* Problem statement: Only the lines below from the one containing "ログインが完了したら、上部の" through the one containing "草莓熊珊瑚绒睡衣女冬季加绒加厚法兰绒连帽卡通秋冬款家居服套装" belong in the answer, set down exactly, with the pictures left out.

* Supplied records:
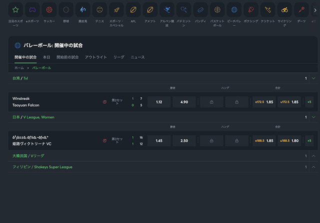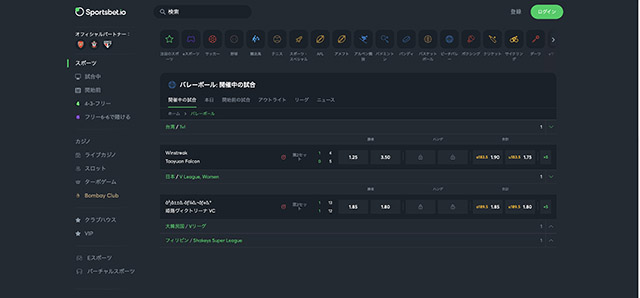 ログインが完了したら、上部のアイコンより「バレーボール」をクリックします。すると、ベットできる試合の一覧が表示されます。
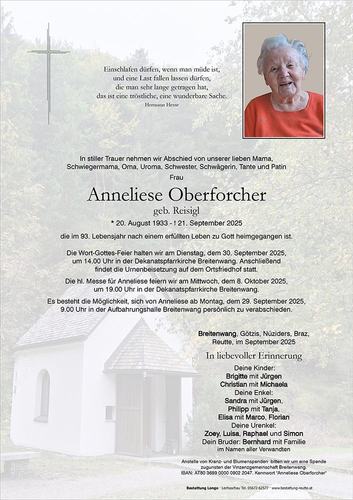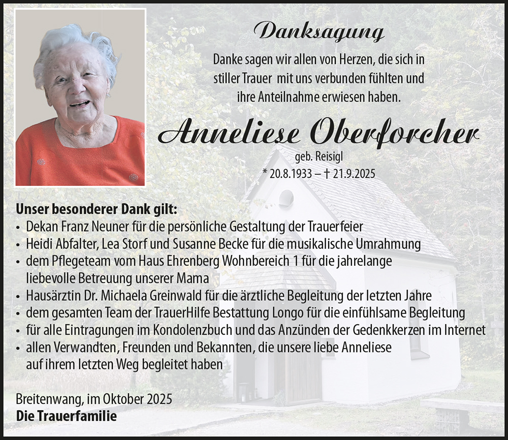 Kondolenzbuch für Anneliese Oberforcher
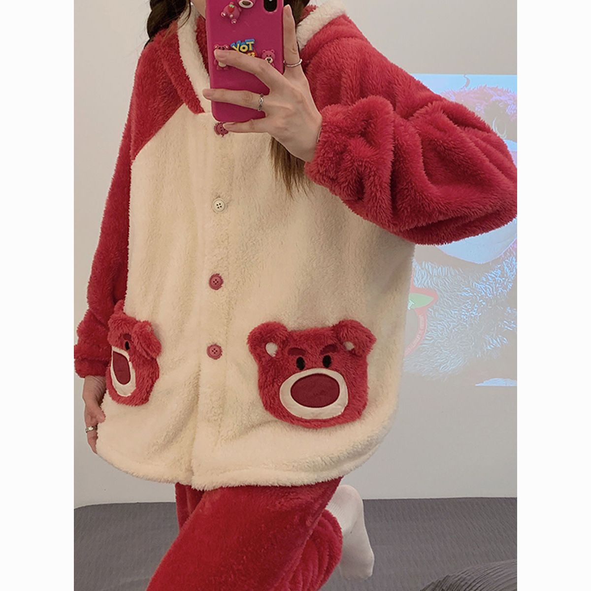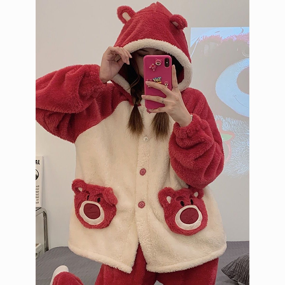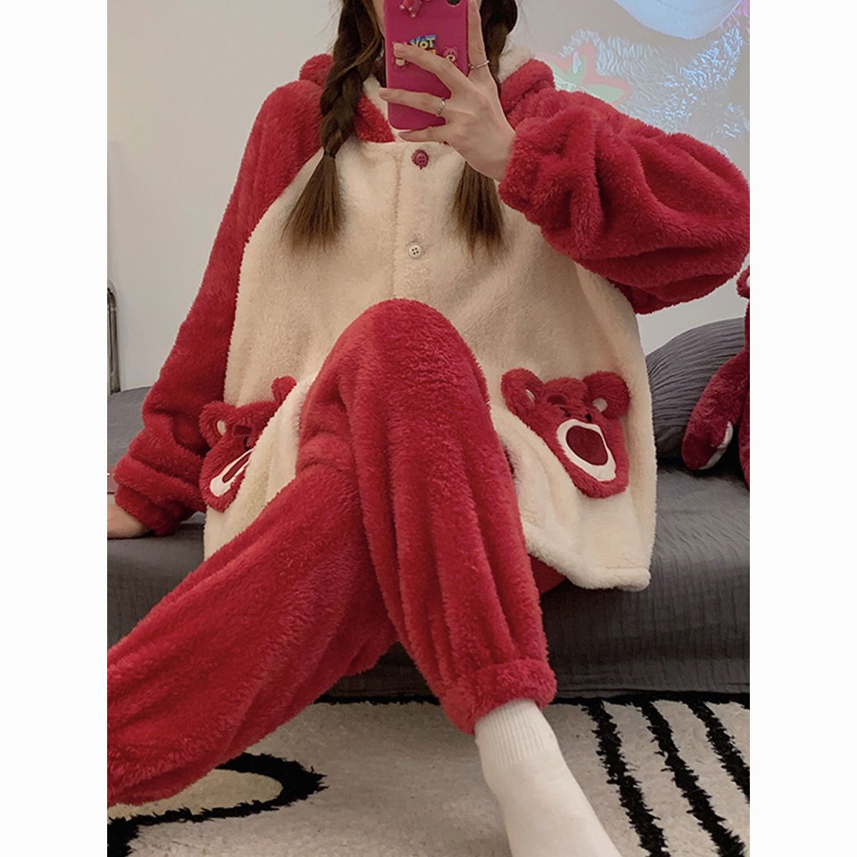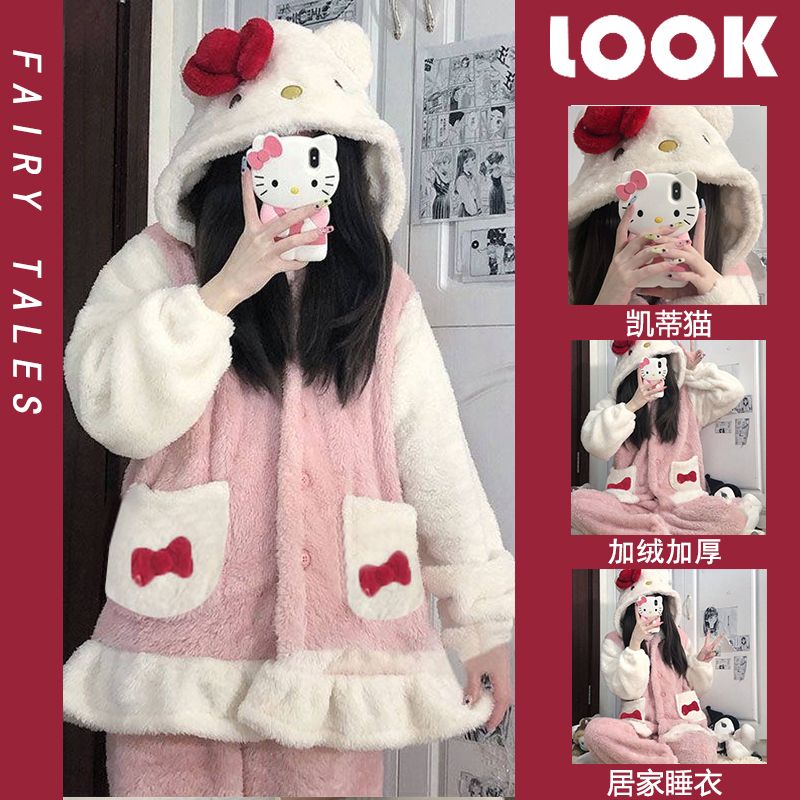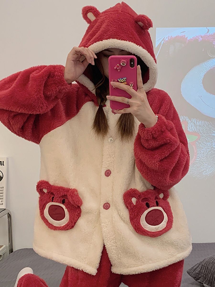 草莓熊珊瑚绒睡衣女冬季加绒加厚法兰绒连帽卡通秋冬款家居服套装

--

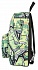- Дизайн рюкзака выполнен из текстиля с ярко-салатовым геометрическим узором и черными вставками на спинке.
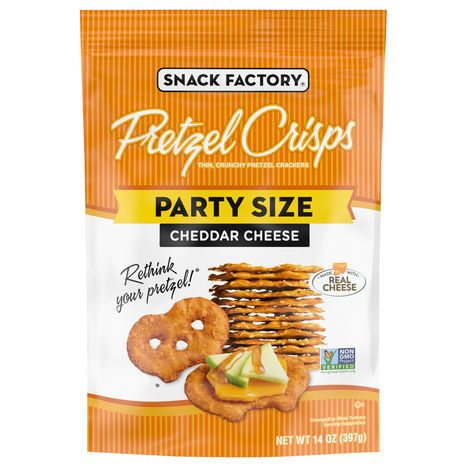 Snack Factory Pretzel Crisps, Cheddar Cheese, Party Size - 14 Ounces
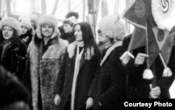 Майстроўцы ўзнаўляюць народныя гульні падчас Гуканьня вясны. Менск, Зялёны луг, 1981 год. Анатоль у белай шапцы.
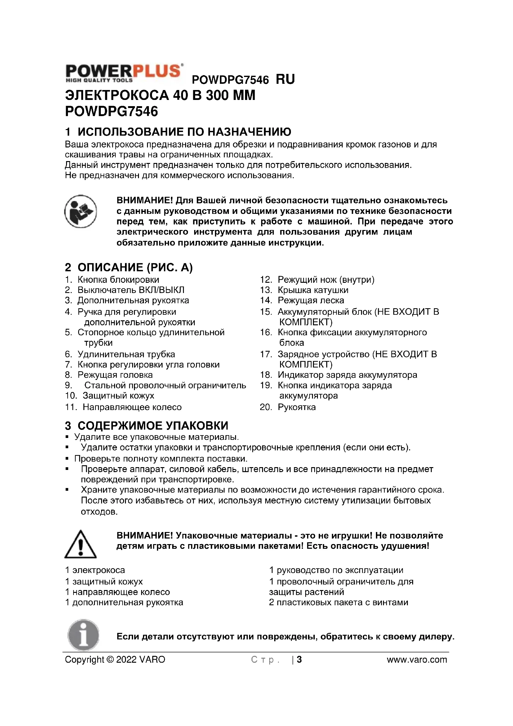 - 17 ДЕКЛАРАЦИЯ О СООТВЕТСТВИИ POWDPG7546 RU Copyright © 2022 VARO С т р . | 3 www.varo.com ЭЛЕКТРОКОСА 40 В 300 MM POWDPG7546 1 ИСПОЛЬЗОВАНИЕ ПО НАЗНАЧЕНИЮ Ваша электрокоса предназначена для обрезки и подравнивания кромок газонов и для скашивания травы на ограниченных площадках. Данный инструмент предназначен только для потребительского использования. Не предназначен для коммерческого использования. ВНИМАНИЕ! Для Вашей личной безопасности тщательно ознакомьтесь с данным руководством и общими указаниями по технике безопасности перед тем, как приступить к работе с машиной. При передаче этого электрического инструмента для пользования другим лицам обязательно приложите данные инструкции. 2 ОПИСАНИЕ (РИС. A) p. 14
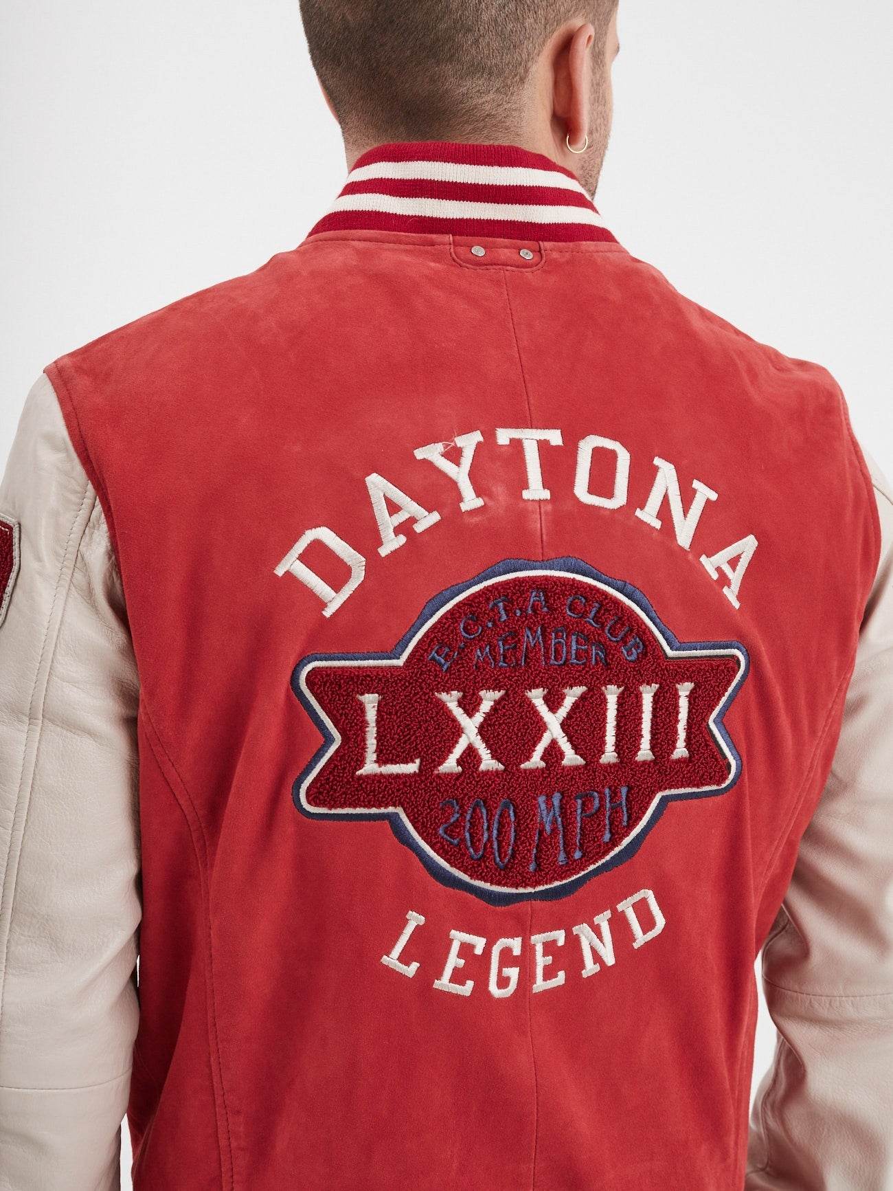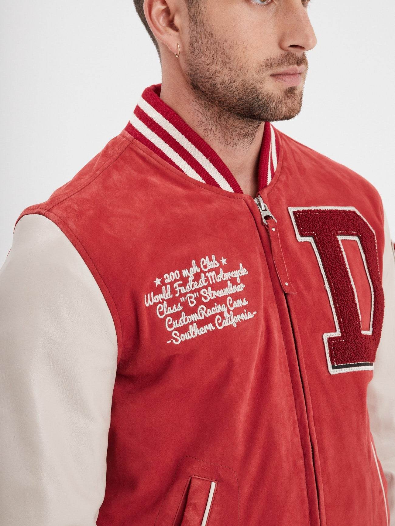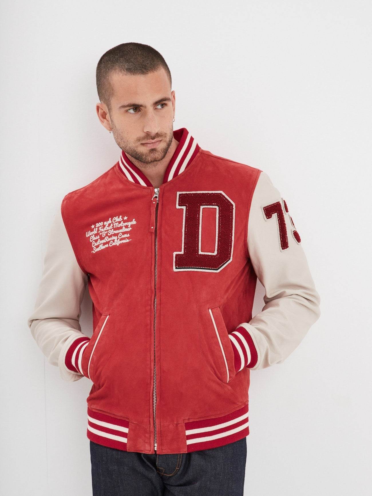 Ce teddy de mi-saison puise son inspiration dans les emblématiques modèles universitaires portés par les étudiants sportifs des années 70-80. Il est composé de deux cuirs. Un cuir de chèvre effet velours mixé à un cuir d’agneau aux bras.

* Response to the exercise:
 ログインが完了したら、上部のアイコンより「バレーボール」をクリックします。すると、ベットできる試合の一覧が表示されます。
 Kondolenzbuch für Anneliese Oberforcher
 草莓熊珊瑚绒睡衣女冬季加绒加厚法兰绒连帽卡通秋冬款家居服套装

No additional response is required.